Seems like ARM describes a standardized NPU peripheral:
https://developer.arm.com/documentation/102023/0000/Introduction-to-the-NPU/Description-of-the-neural-processing-unit-I imagine it to be a binary bitstream of somekind you'll have to load into the peripheral, with the weights and a computational program (unfolding of the neural layers into matrix multiply, add, etc.). The introduction says there is an open source tool that can produce a command stream, which I suspect takes a neural network (or trains it) and then outputs this bitstream for the NPU.
From the diagrams it looks like the NPU will pull input buffers from the main bus via a (it's own?) DMA engine into a scratchpad, then do the matrix computations internally on them, and publish the final result out via DMA or maybe some register set (e.g. if the neural network only publishes a few values).
ST's marketing slides talks about a 75x speed up from presumably a standard C implementation.

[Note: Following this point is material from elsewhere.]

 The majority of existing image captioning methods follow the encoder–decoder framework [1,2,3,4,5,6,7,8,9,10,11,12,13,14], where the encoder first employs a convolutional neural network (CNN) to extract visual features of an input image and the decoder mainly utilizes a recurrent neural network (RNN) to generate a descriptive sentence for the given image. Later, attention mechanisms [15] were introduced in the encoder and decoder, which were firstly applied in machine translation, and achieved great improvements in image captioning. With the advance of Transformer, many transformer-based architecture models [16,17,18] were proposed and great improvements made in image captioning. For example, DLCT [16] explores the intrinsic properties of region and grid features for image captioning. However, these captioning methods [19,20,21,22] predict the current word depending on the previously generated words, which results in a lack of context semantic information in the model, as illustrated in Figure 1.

Even if you can do only 1 FP16 MAC per 6 cycles (2 loads, 1 mac, 1 store, 1 decrement, 1 branch-if-not-zero), then the NPU engine will have be 12x faster than that. So that makes me guess the NPU has some 256-bit vector ALU inside, maybe even more.

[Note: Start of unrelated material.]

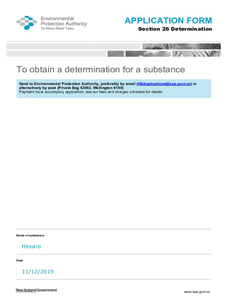 APPLICATION FORM Section 26 DeterminationTo obtain a determination for a substance Send to Environmental Protection Authority, preferably by email (HSApplications@epa.govt.nz) or alternatively by

TinyYoloV2 uses about 6.97Billion FLOPS for 416x416 images resulting in 207fps. STM32N6 can do about 18fps => 600M FLOPS.
I suppose there is some overhead involved with swapping out matrix weights for large networks.
I wonder how long it takes till someone will abuse the NPU for DSP too. We have had SIMD on Cortex-m4, but since the registers are still only 32-bit wide, it's use is a bit limited. I suppose you could also load a matrix that treats the "matrix" operations as mostly vectored (weights only on diagonal) and implement FIR, IIR, matched filters, mixers, etc. like that.